Here are a couple more deer on our lease, I believe they are different deer than those from my original post. I hope to add more pictures, next week, from 6 other cameras I have not been able to check yet! I just hope one of these guys steps out during shooting hours! Going up this weekend with hopes off putting an arrow through one of these guys, heck...I'd be happy arrowing a doe! :biggrin:


----------



## Silverspoon (Jun 1, 2005)

These pictures are on different days, however they are only 3.5 hours apart. I believe that these are two different deer.

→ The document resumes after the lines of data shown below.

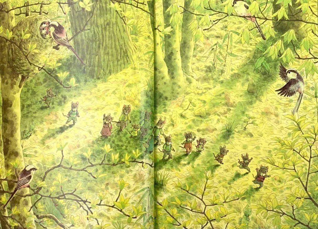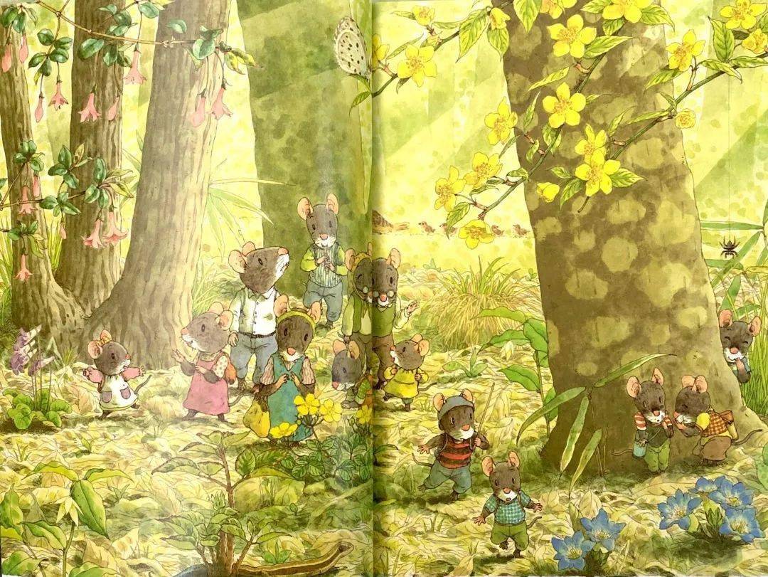 “看啊!”老九发现了紫罗兰花。还有棣棠花,百合花,笔龙胆,森林里百花盛开。
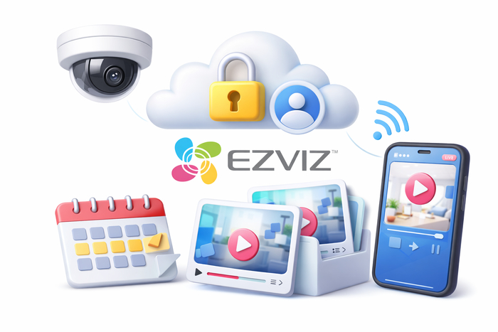 Подписка EZVIZ CloudPlay расширяет работу камер через приложение и даёт доступ к облачному архиву записей по событиям: вы просматриваете сохранённые фрагменты за выбранный период, даже если не заходили в приложение в момент срабатывания. Архив доступен удалённо и привязан к вашему аккаунту EZVIZ.
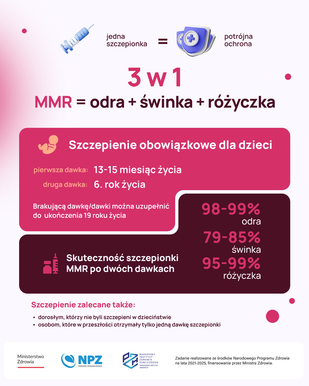 Odra to ostra, wirusowa choroba zakaźna, która bardzo łatwo się rozprzestrzenia wśród nieuodpornionych osób w każdym wieku i może powodować epidemię. Nie należy jej lekceważyć ponieważ powikłania z nią związane mogą być bardzo groźne. Źródłem zakażenia jest chory człowiek. Zakażenie szerzy się drogą kropelkową oraz przez bezpośrednią styczność z wydzieliną z jamy nosowo-gardłowej chorej osoby. Objawy występują po 10-12 dniach od zakażenia. Na 2-4 dni przed pojawieniem się charakterystycznej wysypki występuje gorączka, złe samopoczucie, zapalenie spojówek, katar, kaszel. Wraz z rozwojem choroby temperatura wzrasta do 39-41°C. W jamie ustnej pojawiają się białe wykwity otoczone czerwoną linią (plamki Koplika), a następnie czerwona wysypka stopniowo zlewa się w plamy i obejmuje całą głowę i ciało. Około 30% zachorowań przebiega z powikłaniami szczególnie wśród dzieci do 5 roku życia i dorosłych w wieku powyżej 20 lat. Najczęstsze powikłania to zapalenie ucha środkowego, które prowadzi do utraty słuchu, biegunka, zapalenie płuc, ostre zapalenie mózgu prowadzące do obrzęku mózgu, zaburzenia wzroku prowadzące do ślepoty, rzadkie ciężkie uszkodzenia mózgu znane jako podostre stwardniające zapalenie mózgu (SSPE), którego objawy pojawiają się kilka lat po chorobie. Odra jest najbardziej niebezpieczna dla dzieci do 5 lat oraz osób z zaburzeniami układu odporności. Co czwarta chora osoba wymaga hospitalizacji. Jedna na 1000 chorych umiera w przebiegu choroby.
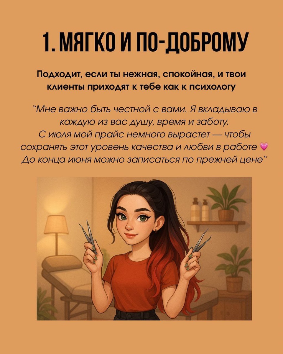 3 важнейших момента в повышении прайса: ✅ забываем про неудобно/неуютно/страшно — ваша цена отражает вашу ценность. если вам страшно уверенно произнести цену, нужно работать над собой и своей самоценностью. помните, что залог возвращаемости ваших клиентов — ваша уверенность в цене ✅ говорим о повышении каждому клиенту лично! даже если вы предупредили в переписке, повторяем вживую. когда вы говорите своим голосом, вы передаете не только информацию, но и свои чувства, отношение к клиенту, эмоции. человек возвращается в том числе из-за этого ✅ готовьте клиента заранее к повышению цены. он должен знать вашу систему повышения прайса и быть готовым к этому. например, периодически упоминайте в контенте или в разговоре, что для вас повышать цену на 500₽ раз в год — нормальная практика
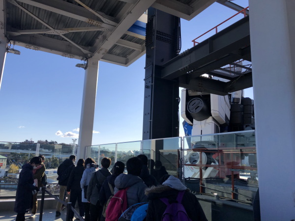 2階のデッキは自由に出入りできるので、少し離れた位置からガンダム全体を見られます。
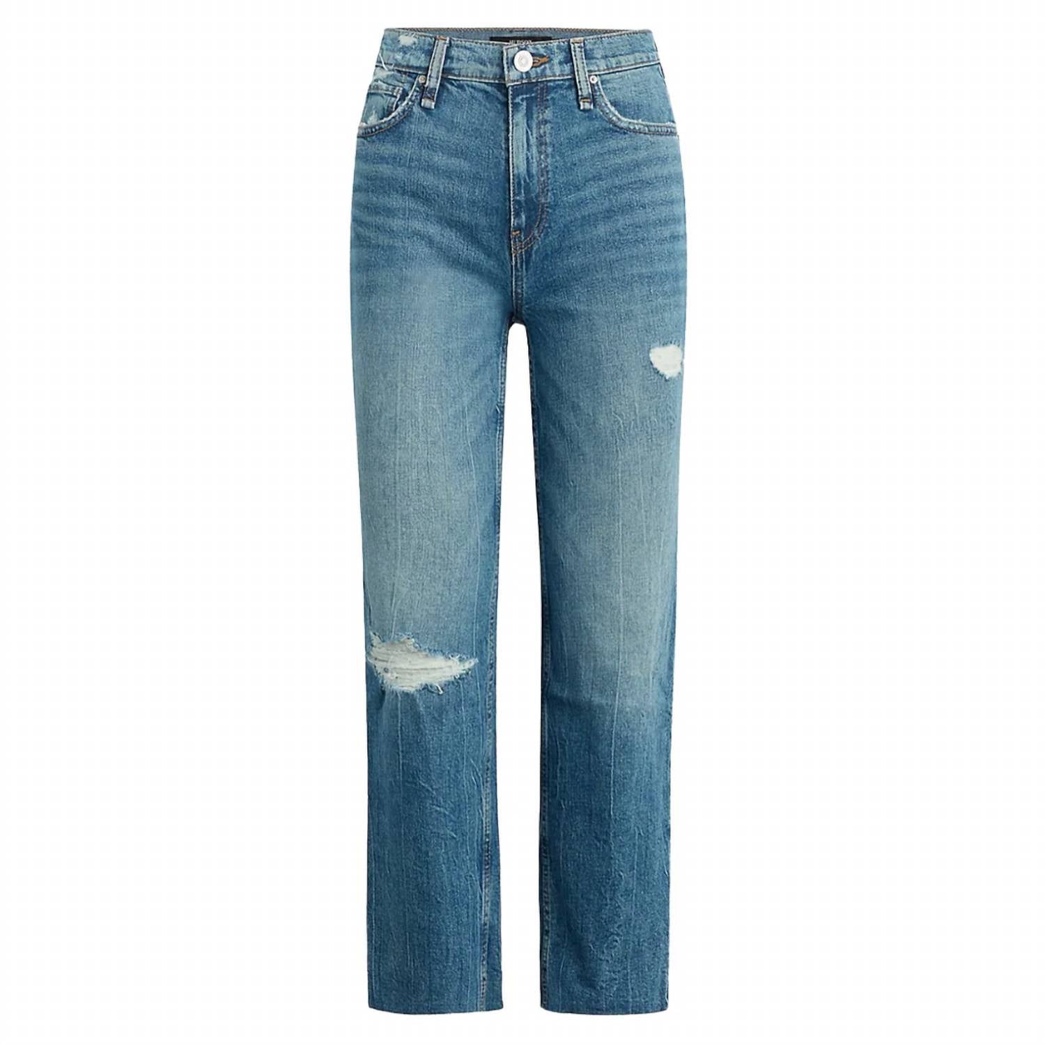 Tuck your favorite tee into these high-waist jeans for a more casual-cool feel. Discover the Remi High Rise Distressed Cropped Straight Leg Jeans by Hudson in the captivating color, Stunner. Expertly crafted from 98% cotton and 2% elastane, these jeans feature distressing on the front legs, a 26" inseam, and an 11.25" rise, ensuring a relaxed fit with a vintage trend in mind. The straight-leg design is complemented by a convenient zip closure, making them an ideal choice for transitional weather paired with heels. Care for these jeans is simple with machine wash instructions. Model is 5'10" and is wearing a US size 4.

In the bottom picture, if you look at the right brow tine closely, you can see a sticker coming out between the base and his G-1. The top picture does not show the same and the top picture also looks like his left G-2 may have a sticker. Hard to tell. Pretty nice East Texas deer though regardless!


----------



## tightline80 (Mar 7, 2008)

Nah that def the same deer. Look at the belly and the mark right under the eye.


----------



## Silverspoon (Jun 1, 2005)

Yeah, I can see that too. Why don't they just look straight at the camera in the alert position first, then do a profile shot for me next! Maybe hold up a sign too! LOL!


----------



## 1976Bronc (Apr 2, 2007)

Looks to be the same buck to me too, anyways nice buck for sure!!!


----------



## Ninjazx9rrida (Jun 11, 2006)

I AGREE... SAME DEER. BUT A DARN NICE ONE FOR EAST TX!


----------